MATERIALS AND METHODS The present study was conducted from 2011 to 2016 with 39 professional soccer players: 15 with pubalgia and 24 without pubalgia. Age, field position, body mass index (BMI), weekly training load, career length, and history of thigh/knee injury and lower back pain were recorded. The following tests were performed: radiographs (anteroposterior view of the pelvis in standing and flamingo positions) to evaluate hip impingement, sacroiliac joint, and pubic symphysis instability; US to analyze the common aponeurosis of the rectus abdominis/adductor longus muscles and inguinal hernias; and MRI for pubic bone degenerative alterations and edema, and lesions in the adductor and rectus abdominis muscles and their aponeurosis.
RESULTS There was an association between pubalgia, high BMI (p = 0.032) and muscle alterations (p < 0.001). Two patients with pubalgia had inguinal hernias and one patient with pubalgia and two controls had sports hernias.
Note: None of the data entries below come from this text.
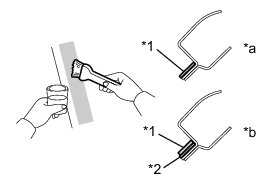 (a) Using a scraper, remove the damaged stoppers, dam and adhesive from the windshield glass.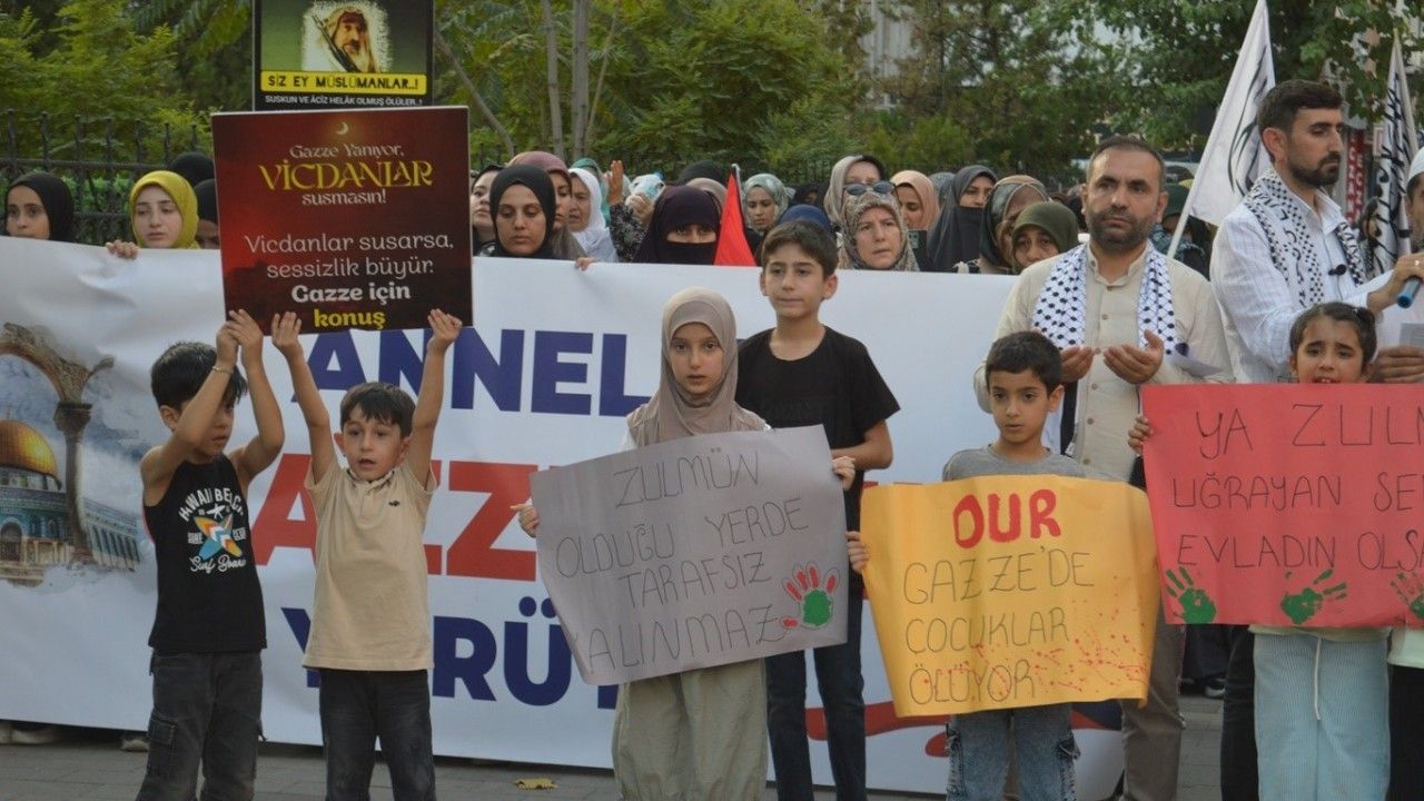 Siirt’te Peygamber Sevdalıları tarafından "Gazze Ölüyor, Ayağa Kalk" başlığıyla düzenlenen eylemde, Gazze’de yaşanan soykırıma tepki gösterildi.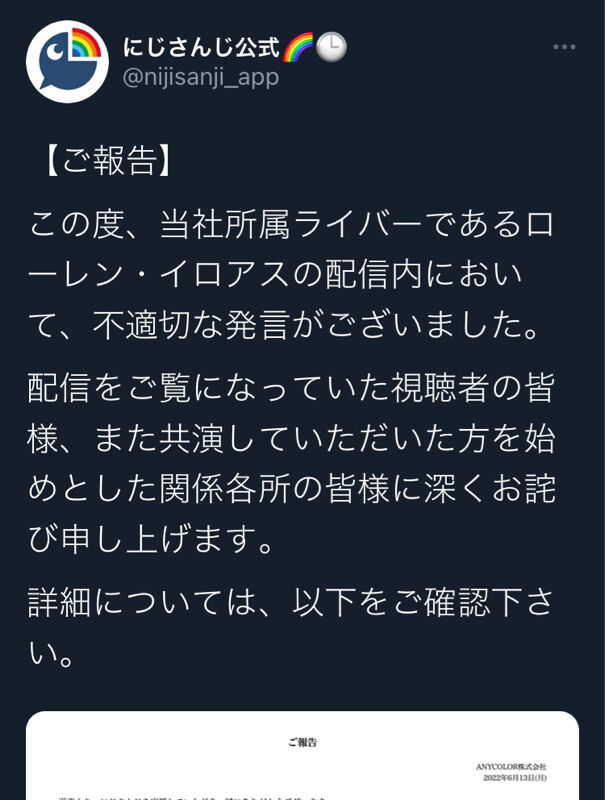 【にじさんじ】差別的発言でまた炎上したローレンさんに対する、えにからの処分・対応の改善を求める署名活動が始まる 2022年06月14日 カテゴリ:にじさんじ炎上X(旧Twitter) 【【にじさんじ】差別的発言でまた炎上したローレンさんに対する、えにからの処分・対応の改善を求める署名活動が始まる】の続きを読む タグ :#にじさんじ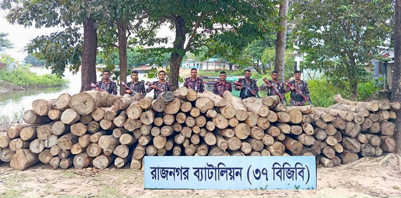 রাজনগর ব্যাটালিয়ন (৩৭ বিজিবি) এর অভিযানে ৬ লক্ষাধিক টাকা বিপুল পরিমাণ অবৈধ কাঠ জব্দ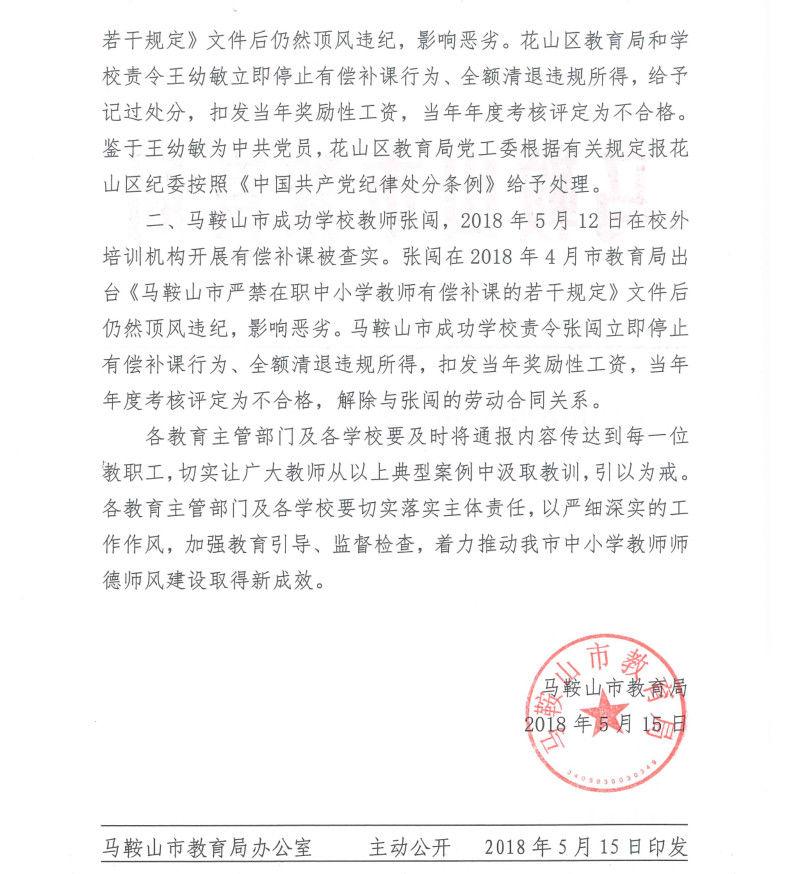 二是马鞍山市成功学校教师张闯,2018年5月12日在校外培训机构开展有偿补课被查实。张闯在2018年4月市教育局出台《马鞍山市严禁在职中小学教师有偿补课的若干规定》文件后仍然顶风违纪,影响恶劣。马鞍山市成功学校责令张闯立即停止有偿补课行为、全额清退违规所得,扣发当年奖励性工资,当年年度考核评定为不合格,解除与张闯的劳动合同关系。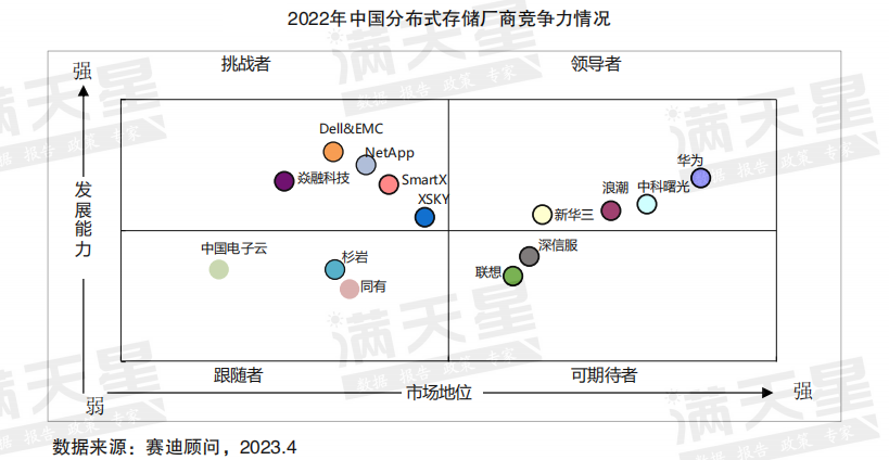 2022年中国分布式存储市场中,领导者有华为、中科曙光、浪潮、新华三;挑战者有XSKY、 SmartX、 NetApp、 Dell&EMC、焱融科技;跟随者有同有、杉岩和中国电子云;可期待者有深信服和联想。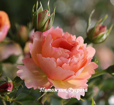 Цветок: абрикосово-оранжевый с легким розовым оттенком, чашевидный с рифленым краем лепестка, махровый, 25 - 40 лепестков в одном цветке, диаметр цветка 6 - 8 см, обладает легким миндальным ароматом с нотками аниса.
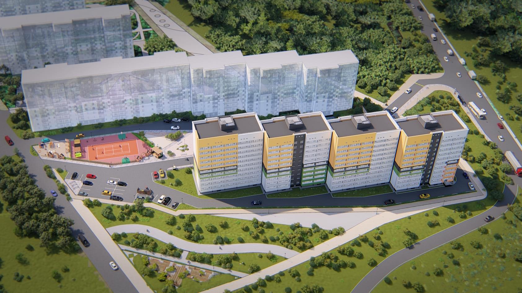 Придомовая территория спланирована с учётом общей экологической концепции. Между домами появится несколько небольших скверов и воркаутов, а у каждого дома – детская площадка. Для автомобилистов будет построена большая парковка, проезд к которой не пересекается с маршрутами пешеходов. Вы будете чувствовать себя спокойно, комфортно и безопасно. А внутри дома вас встретят уютные дизайнерские холлы.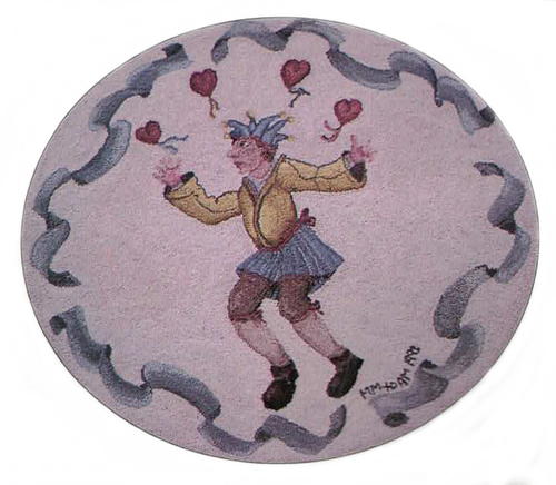 "I started hooking in 1991. I made eight rugs in my first year closely watched by my teacher, Jeanne Zook. The Juggler of Hearts was my first original rug and the first time I dyed all the wool for a rug. Jeanne was traveling in New Zealand, and I had no resource for supplies. It’s hard to believe now, but I loved the muted Jacobean colors, and I used them for this rug. This rug was designed for my husband who was learning to juggle at the time. The medieval juggler represents my husband who is juggling four hearts: mine, his, and the hearts of our two children--a difficult job. The rug was a Valentine’s day gift to my husband, Anthony."

Pubic degenerative changes were frequent in both groups. Aponeurosis lesions were more frequent in patients with pain. The US detection had 44.4% sensitivity and 100% specificity.
CONCLUSION The evaluation of athletic pubalgia should be performed with radiography, US, and MRI. High BMI, muscle injuries, geodes, and osteophytes are findings associated with pubalgia; US has low sensitivity to detect injuries of the common aponeurosis of the rectus abdominis/adductor longus muscles.

magnetic resonance imaging/methods; pubic symphysis/diagnostic imaging; pubic symphysis/injuries; groin; radiography; athletic injuries/pathology; ultrasonography.


OBJETIVO Comparar a acurácia da ultrassonografia em relação à ressonância magnética na detecção de lesões da aponeurose do reto abdominal/adutor longo, estudar características dos jogadores e achados de imagem associados à pubalgia e demonstrar a importância de cada método.
MATERIAIS E MÉTODOS Estudo realizado de 2011 a 2016 com 39 jogadores profissionais de futebol, 15 deles com e 24 sem pubalgia. Foram registrados idade, posição, índice de massa corporal (IMC), carga de treino semanal, tempo de profissão e lesão prévia na coxa/joelho e lombalgia. Os seguintes exames de imagem foram realizados: radiografias (anteroposterior da bacia e flamingo) para avaliar sinais de impacto do quadril, articulações sacroilíacas e instabilidade da sínfise púbica; ultrassonografia para analisar a aponeurose comum do reto abdominal/adutor longo e hérnias inguinais e do esporte; ressonância magnética buscando alterações degenerativas e edema no púbis, lesões musculares dos adutores e retos abdominais e na sua aponeurose.
RESULTADOS Observou-se uma associação entre pubalgia e IMC elevado (p = 0,032) e alterações musculares (p < 0,001). Hérnia inguinal foi encontrada em dois casos e hérnia do esporte, em um caso e dois controles. Alterações degenerativas do púbis foram frequentes nos dois grupos. Lesões da aponeurose foram mais comuns nos pacientes com dor e a ultrassonografia teve sensibilidade de 44,4% e especificidade de 100% na detecção.
CONCLUSÃO A avaliação da pubalgia atlética deve ser realizada com radiografias, ultrassonografia e ressonância magnética. Índice de massa corporal elevado, lesões musculares, geodos e osteófitos são achados associados à pubalgia; a ultrassonografia tem baixa sensibilidade para detectar lesões da aponeurose comum do reto abdominal/adutor longo.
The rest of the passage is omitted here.